Photo courtesy Bibliothèque nationale de France
The daughter of French Champions and 1928 Olympians Louis and Elvira Barbey, Gaby Barbey showed little interest in figure skating as a child, although her parents took her regularly to the Palais de Glace. Instead, she relished every moment spent on the ski slopes. Finally won over to skating after being inspired by the success of Andrée Joly, she started pursuing skating seriously at the age of thirteen and began taking lessons from her father.
Elvira and Louis Barbey. Photo courtesy Bibliothèque nationale de France.
Early in her career, Gaby was the Susan Lucci of women's skating in France, holding down fort in second place at the French Championships from 1925 to 1930. After Andrée Joly decided to focus solely on pairs skating in 1931, Gaby finally emerged victorious, winning her first of an incredible six consecutive French titles ahead of of Jeanine Hagnauer and Jacqueline Vaudecrane.

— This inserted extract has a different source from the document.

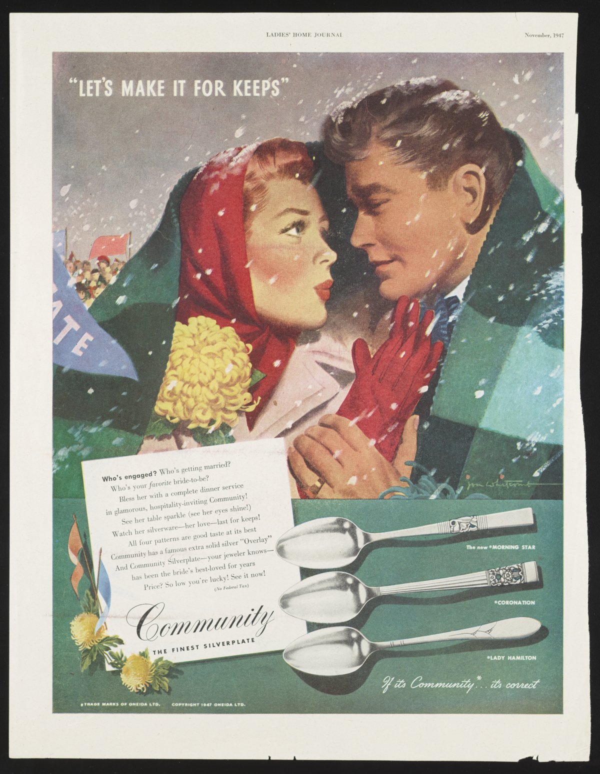 Color print magazine advertisement for Community silverware. This ad appeared in the Ladies' Home Journal, November 1947.
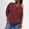 Ontdek het Dames Gebreid Jack Opengewerkt met Ribboorden van Amstel-Mode. Dit comfortabele, relaxed fit vest met stijlvol opengewerkt breisel, ribboorden en ritssluiting is perfect voor elke casual look. Een must-have voor jouw garderobe!

When the European Championships were held in Paris in 1932, she placed dead last in a field of eight, losing out on a seventh place finish in a three-two split with Great Britain's Joan Dix. Illness forced her out of the following year's European Championships in London, but she shared the ice with Sonja Henie in a Paris exhibition later that winter.
Gaby's final international competition was the 1936 World Championships in Paris. She placed a disappointing fourteenth, but did outrank both of the other French women who participated. The Norwegian judge had her ninth in figures; the British judge had her eighth in free skating. In 1937, she lost her French women's title to Jacqueline Vaudecrane. Vaudecrane recalled that Gaby was gracious in defeat and was the first to congratulate her on her win. Taking into account just how many disappointing results this fine skater had, it's hard to imagine how she could have been so gracious!
During much her competitive career, Gaby went by her married name, Gaby Clericetti. After her competitive career ended, she remarried and went by Gaby Moreau. After her retirement in 1937, she coached skaters for many years at the Club des Français Volants à Paris. An artistic soul, Gaby wrote in "Neige et Glace" magazine of her dream to transpose dance to the ice and skating to the floor: "What I would like to interpret on the floor is a rhythmic Celtic dance (gypsy orchestra beginning with a waltz). When I skate, I would compose a dance, and when I dance, I would slide like on ice. Creating [movement to] rhythm is my hobby. Both [skating and dancing] require interpretation and effort... Both interest me because I know thoroughly the possibilities of each. These ideas came to me during my choreographic exercises."
Despite her successes at home, skating wasn't exactly kind to Gaby. She had a late start and never really seemed to catch much of a break. Yet, her determination and interest in choreography foreshadowed the later efforts of Jacqueline du Bief, the student of her rival Jacqueline Vaudecrane. Though largely unknown today outside of France, Gaby played a subtle but important role in her country's skating history.